Estimated monthly cost at 200 DAU: ~$12-18 (vs $50 with Claude, vs $10 all-Qwen3)

Why Hybrid via Venice Wins

  1. You already pay for Pro — the $10 credit lets you prototype immediately
  2. OpenAI-compatible API — if Venice quality disappoints, swapping to Anthropic/Groq/OpenRouter is a 1-line base URL change
  3. Privacy alignment — Venice's no-data-retention policy is actually perfect for mental health data
  4. Cost headroom — at $12-18/mo AI cost, you could serve 200 DAU and still be profitable with just 3-4 Prism subscribers
  5. Qwen3 235B is genuinely good — it's not a compromise model, it scores competitively on emotional tasks

The Critical Caveat: Safety Layer

Venice's "uncensored" philosophy means we MUST build our own safety layer:

User input → Keyword crisis detector (local, instant)
           → If flagged: hardcoded crisis response (no LLM needed)
           → If clear: send to Venice API with our safety-focused system prompt
           → Post-process: scan output for harmful patterns before showing to user

This adds development time but gives us MORE control than relying on any provider's built-in guardrails.

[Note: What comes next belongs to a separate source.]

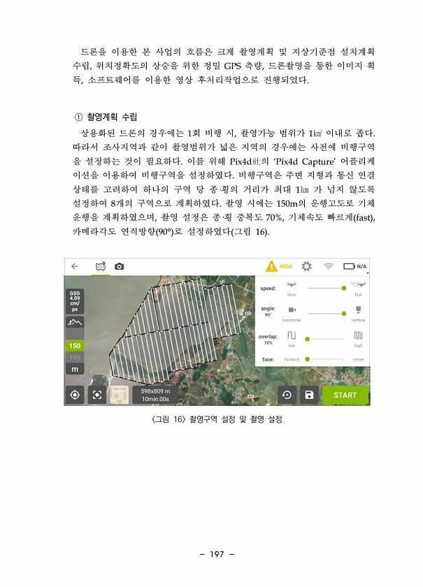 197 드론을 이용한 본 사업의 흐름은 크게 촬영계획 및 지상기준점 설치계획 수립, 위치정확도의 상승을 위한 정밀 GPS 측량, 드론촬영을 통한 이미지 획 득, 소프트웨어를 이용한 영상 후처리작업으로 진행되었다. ① 촬영계획 수립 상용화된 드론의 경우에는 1회 비행 시, 촬영가능 범위가 1㎢ 이내로 좁다. 따라서 조사지역과 같이 촬영범위가 넓은 지역의 경우에는 사전에 비행구역 을 설정하는 것이 필요하다. 이를 위해 Pix4d社의 ‘Pix4d Capture’ 어플리케 이션을 이용하여 비행구역을 설정하였다. 비행구역은 주변 지형과 통신 연결 상태를 고려하여 하나의 구역 당 종·횡의 거리가 최대 1㎞ 가 넘지 않도록 설정하여 8개의 구역으로 계획하였다. 촬영 시에는 150m의 운행고도로 기체 운행을 계획하였으며,...
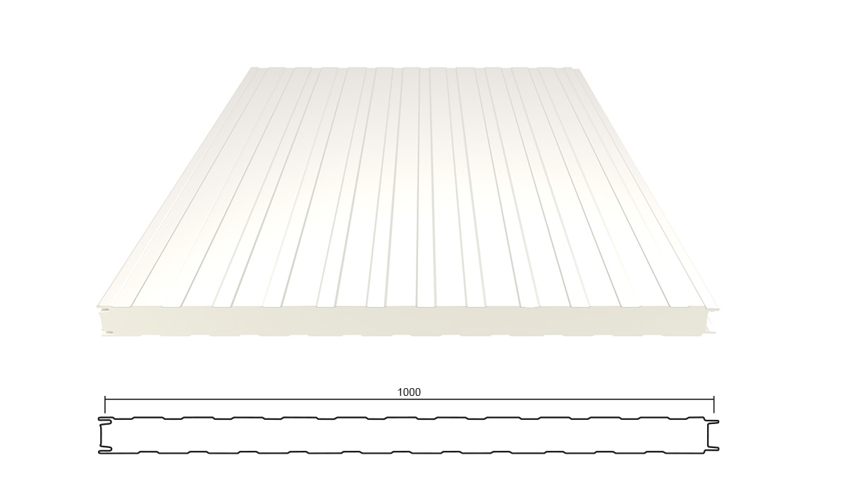 Eine Sandwich Wandplatte besteht aus einem Verbund zweier metallischer Deckschalen und einem Stützkern aus hochwärmedämmenden PIR-Schaum. Durch die Kombination der verschiedenen Materialien kann die Errichtung einer gedämmten Wand besonders schnell, einfach und flexibel ausgeführt werden. Gute Wärmedämmung machen diese Bauelemente auch für Bauherren außerhalb des Industriebau-Bereiches interessant. Kerndicken von 40 - 120 mm sind möglich.

Revised Cost Model with Venice

Phase DAU AI Cost/mo Total Infra/mo Break-even Subscribers
Phase 1 (0-500 users) ~50 ~$4 ~$17 4 Prism @ $4.99
Phase 2 (500-2K) ~200 ~$15 ~$40 8 Prism
Phase 3 (2K-10K) ~1K ~$60 ~$110 22 Prism

Compare to Claude-first: Phase 1 was $26/mo, now $17. Phase 2 was $90-100, now $40. That's significant runway extension.


Action Plan

  1. Immediately: Use your Venice Pro $10 credit to test Qwen3 235B with Kalei's actual system prompts
  2. Build a test harness: Send 50 real emotional writing samples through both Qwen3 (Venice) and Claude Haiku, blind-rate the outputs
  3. If Qwen3 passes: Go Venice-first, save 60-80% on AI costs
  4. If Qwen3 disappoints on reframes specifically: Use Claude Haiku for Kaleidoscope only, Venice for everything else
  5. Build the safety layer regardless — don't rely on any provider's guardrails for a mental health app

The API is OpenAI-compatible, so the switching cost is near zero. Start cheap, validate quality, upgrade only where needed.